Patients are typically injected with 40 mL to 80 mL of contrast material prior to dynamic scanning using a low-kV technique (80 kV to 100 kV, depending on patient size):
Arterial phase (10-40 sec postinjection): every 2-3 sec
Portal phase (40-70 sec postinjection): every 4-6 sec
Late phase (70-120 sec postinjection): every 10-20 sec
More scans are usually acquired during the arterial phase than the later phases, Prokop noted. Generally, a diagnostic scan performed at another time is required in addition to the CT perfusion scan.
Many paths to perfusion
Many different imaging protocols have been used in the past several years, depending on the indication and the scanner type, Prokop said.
Studies over the past several years have used a wide variety of techniques for perfusion imaging.
At Prokop’s facility, the pancreatic CTP method of choice is the interleaved technique, which blends diagnostic with CT perfusion scans, interrupting each scan type.
Once CTP (upper left) is registered with conventional CT images (lower left) acquired using the interleaved technique, the diagnosis becomes easy owing to the high contrast and delineation of structures, as shown for this patient with classic pancreatic cancer with common bile duct (CBD) involvement. Histology is shown at lower right.
CT perfusion is also very useful for identifying severe acute pancreatitis, Prokop said.

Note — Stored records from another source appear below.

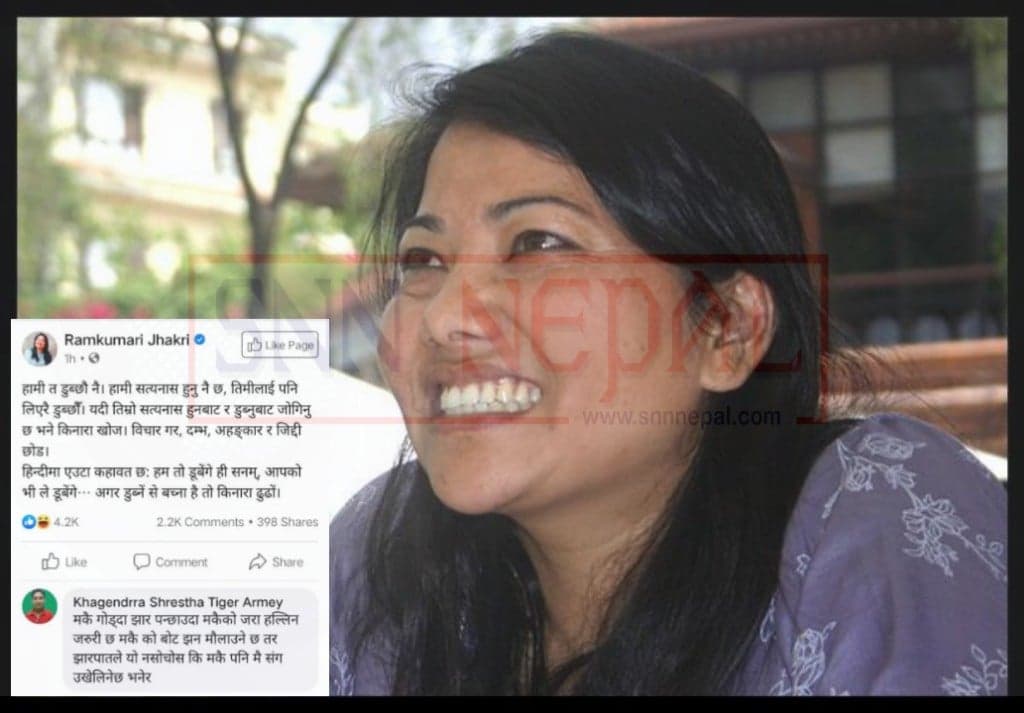 आफू सकिए पछि ओलिलाइ पनि सिद्दाउछु भन्ने मानसिकता राख्ने र दिउसो सपना देख्ने रामकुमारी झाक्रीलाई उनको यो जबाफले कडा शब्दमा कडा प्रहार गरेको छ ।
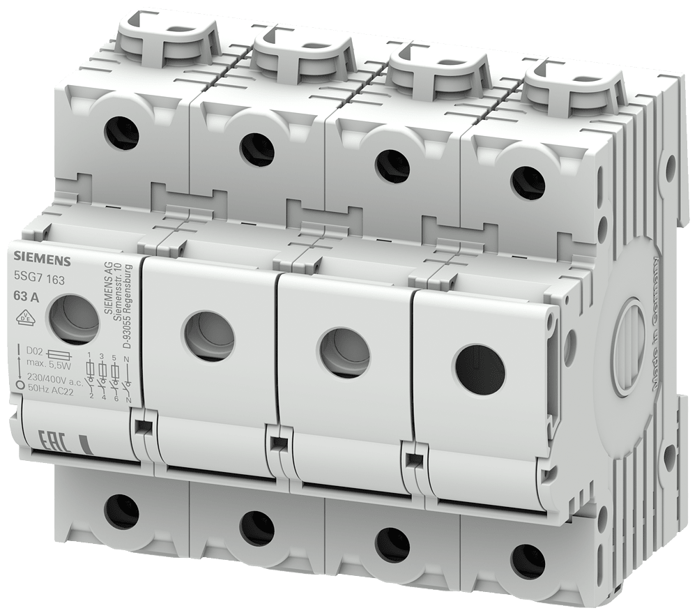 MINIZED, sezionatore sottocarico con fusibile, D02, 3P+N, In: 63 A, Un AC: 400 V senza inserto senza cartuccia fusibile SENTRON 5SG7 . Dispositivi di protezione SENTRON - Una scelta sicura.
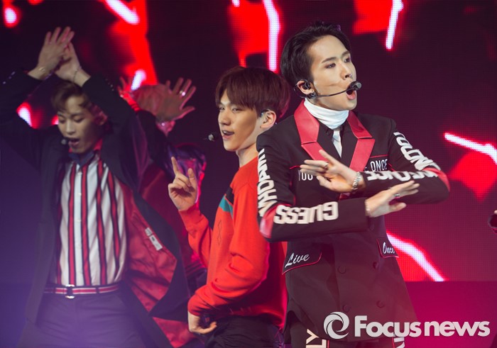 홀서울=포커스뉴스) 19일 오후 서울 마포구 롯데카드 아트센터에서 열린 아이돌그룹 VIXX의 싱글앨범 'Zelos' 발표 쇼케이스에 참여한 멤버들이 신곡 '다이너마이트'의 무대를 선보이고 있다.
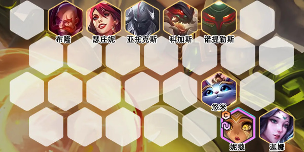 1、阵容组成:布隆、科加斯、诺提勒斯、瑟庄妮、亚托克斯、悠米、妮蔻、迦娜
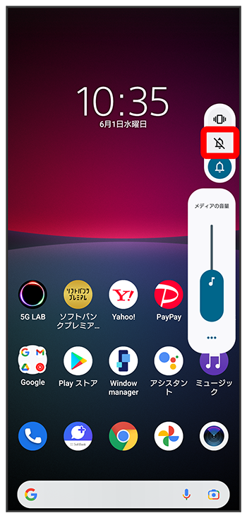 クイック設定パネルからマナーモード(バイブなし)に設定することができます。
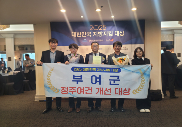[충청뉴스 부여 = 조홍기 기자] 부여군(군수 박정현)은 지난 24일 한국프레스센터에서 개최된 「2025년 대한민국 지방지킴 대상」 시상식에서 ‘정주여건 개선 대상’을 수상했다.
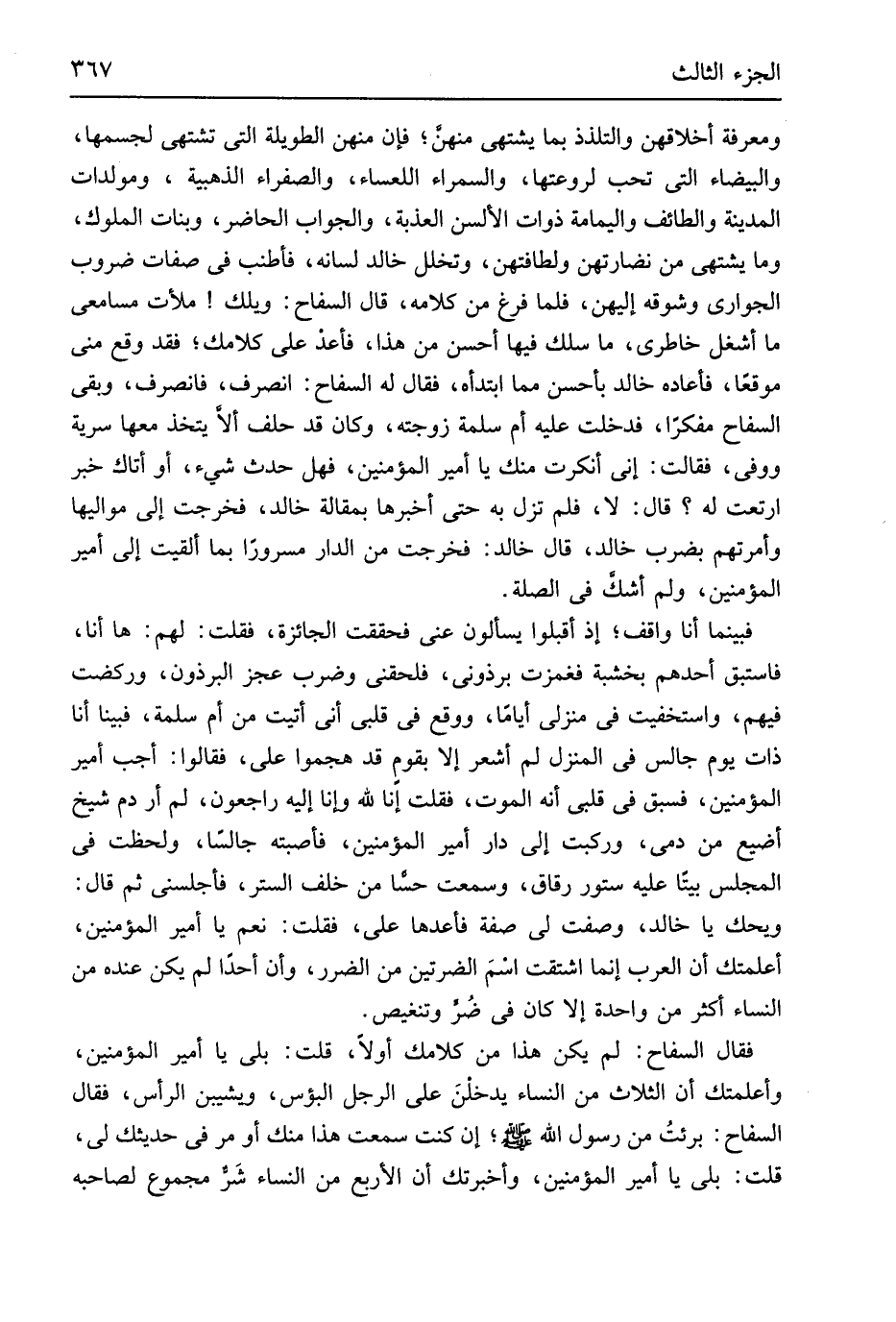 وَمَعْرِفَة أخلاقهن والتلذذ بِمَا يَشْتَهِي مِنْهُنَّ فَإِن مِنْهُنَّ الطَّوِيلَة الَّتِي تشْتَهي لجسمها والبيضاء الَّتِي تحب لروعتها والسمراء اللعساء والصفراء الذهبية ومولدات الْمَدِينَة والطائف واليمامة ذَوَات الألسن العذبة وَالْجَوَاب الْحَاضِر وَبَنَات الْمُلُوك وَمَا يَشْتَهِي من نضارتهن ولطافتهن وتخلل خَالِد لِسَانه فأطنب فِي صِفَات ضروب الْجَوَارِي وشوقه إلَيْهِنَّ فَلَمَّا فرغ من كَلَامه قَالَ السفاح وَيلك مَلَأت مسامعي مَا أشغل خاطري مَا سلك فِيهَا أحسن من هَذَا فأعدْ على كلامك فقد وَقع مني موقعا فَأَعَادَ خَالِد بِأَحْسَن مِمَّا ابتدأه فَقَالَ لَهُ السفاح انْصَرف فَانْصَرف وَبَقِي السفاح مفكراً فَدخلت عَلَيْهِ أم سَلمَة وَزَوجته وَكَانَ قد حلف ألاَ يتَّخذ مَعهَا سَرِيَّة ووفى فَقَالَت إِنِّي أنْكرت مِنْك يَا أَمِير الْمُؤمنِينَ فَهَل حدث شَيْء أَو أَتَاك خبر ارتعت لَهُ قَالَ لَا فَلم تزل بِهِ حَتَّى أخْبرهَا بمقالة خَالِد فَخرجت إِلَى مواليها وأمرتهم بِضَرْب خَالِد قَالَ خَالِد فَخرجت من الدَّار مَسْرُورا بِمَا ألقيت إِلَى أَمِير الْمُؤمنِينَ وَلم أَشك فِي الصِّلَة فَبَيْنَمَا أَنا وَاقِف إِذْ أَقبلُوا يسْأَلُون عني فحققت الْجَائِزَة فَقلت لَهُم هَا أَنا فَاسْتَبق أحدهم بخشبة فغمزت برذوني فلحقني وَضرب عجز البرذون وركضت فيهم واستخفيت فِي منزلي أَيَّامًا وَوَقع فِي قلبِي أَنِّي أتيت من أم سَلمَة فَبينا أَنا ذَات يَوْم جَالس فِي الْمنزل لم أشعر إِلَّا بقومٍ قد هجموا عَليّ فَقَالُوا أجب أَمِير الْمُؤمنِينَ فَسبق فِي قلبِي أَنه الْمَوْت فَقلت إِنَّا لله وَإِنَّا إِلَيْهِ رَاجِعُون لم أر دم شيخ أضيع من دمي وَركبت إِلَى دَار أَمِير الْمُؤمنِينَ فَأَصَبْته جَالِسا ولحظت فِي الْمجْلس بَيْتا عَلَيْهِ ستور رقاق وَسمعت حسا من خلف السّتْر فأجلسني ثمَّ قَالَ ويجك يَا خَالِد وصفت لي صفة فأعدها عَليّ فَقلت نعم يَا أَمِير الْمُؤمنِينَ أعلمتك أَن الْعَرَب إِنَّمَا اشْتقت اسْمَ الضرتين من الضَّرَر وَأَن أحدا لم يكن عِنْده من النِّسَاء أَكثر من وَاحِدَة إِلَّا كَانَ فِي ضُر وتنغيص فَقَالَ السفاح لم يكن هَذَا من كلامك أَولا قلت بلَى يَا أَمِير الْمُؤمنِينَ وأعلمتك أَن الثَّلَاث من النِّسَاء يدخلنَ على الرجل الْبُؤْس ويشيبن الرَّأْس فَقَالَ السفاح برئتُ من رَسُول الله

Among 30 patients, Tsuji et al found 10 to have pancreatic ischemia, and pancreatic necrosis was found in nine of the 10. In trauma patients, CTP is also useful for detecting hypovolemic shock, characterized by low blood flow in the early phase and increased permeability (late uptake).
When it comes to techniques for performing CTP, “there’s not a lot of standardization out there,” he said.
Additional diagnostic scans are usually needed, but combining CTP with conventional exams in a single session offers “really superb enhancement,” Prokop said. CTP distinguishes high-grade from low-grade tumors and “ultimately the response to therapy.”